Sections

Research

Can Congress Legislate for the Future?

Observing the summer rush to pass bills deemed important for legislators facing tough re-election battles, a Capitol Hill reporter summed up the season as “Legislating for November.” Given legislators’ incentives to take credit and to avoid blame, the question naturally arises: Can Congress legislate for the longer-term? Do legislators have the necessary incentives, capacity, and institutions for addressing long-range policy issues—problems like Social Security, global climate change, health care financing, and defense restructuring? I argue that congressional pathologies limit Congress’s ability to legislate for the future, pathologies exacerbated today by partisan polarization and competition.

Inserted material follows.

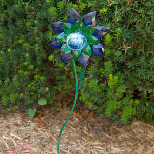 Illuminarie Gem Flower stakes feature glow crystals with a hand-blown glass globe that capture light energy during the day, then release a soothing glow for hours after dusk! The petals of the flower are made from vibrant glass gems. Works indoors or out.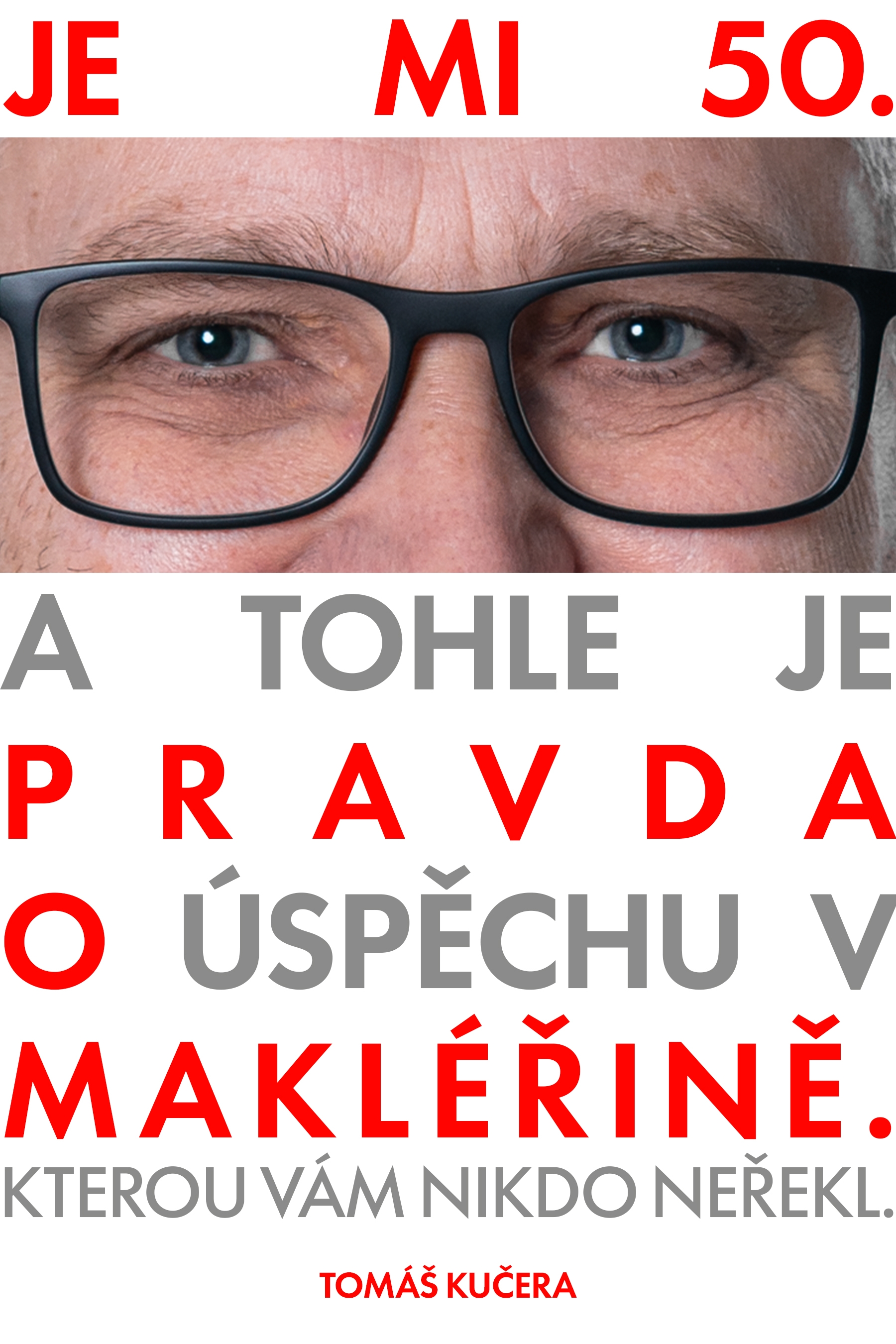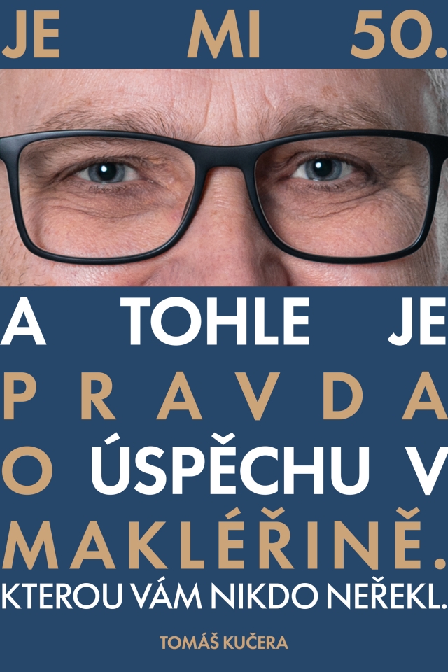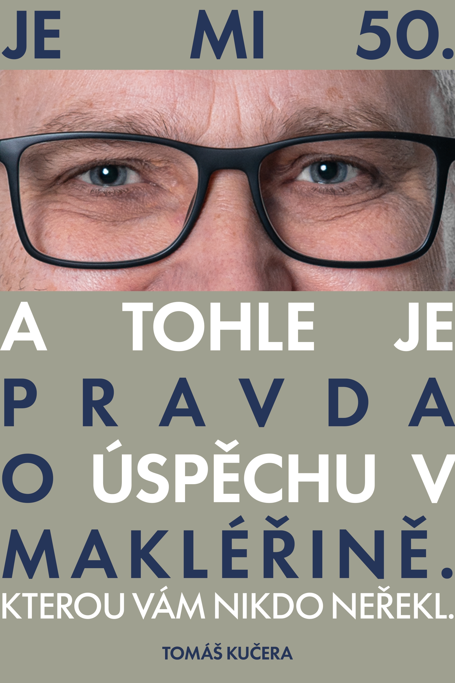Dobrý den. Moc se mi líbí váš návrh. Můžeme jej maličko doladit? Ubral jsem jedno slovo, aby mohla být písmena větší. A zároveň jsem to druhé sdělení změnšil, je to dovětek, který nění tak důležitý. A některá slova jsem ještě barevně odlišil. Mohl bych požádat o úpravu viz níže? Případně zkuste nakombinovat i jiné barvy než modrou a žlutou. Ale samozřejmě takové, aby byly kontrastní a výrazné. Moc děkuji. JE MI 50. (OČI)PRAVDAO ÚSPĚCHU VMAKLÉŘINĚ.KTEROU VÁM NIKDO NEŘEKL.

Why is Congress prone to ignore problems with long-term consequences, and why might that tendency be worse today than before? To answer these questions, I explore first why Congress finds it challenging to solve problems, regardless of the temporal nature of the problem. Electoral incentives and organizational arrangements conspire to make it tough for members of Congress to resolve difficult public problems. Legislating for the future inherits all of the stickiness of the legislative process, and then is further vexed by the difficulty of reaching compromise on policy problems whose effects will not be felt for decades—even as the political fallout occurs immediately. Congress may have the analytic capacity to inform itself about adverse long-term policy consequences, but it often lacks the political will to do much about them.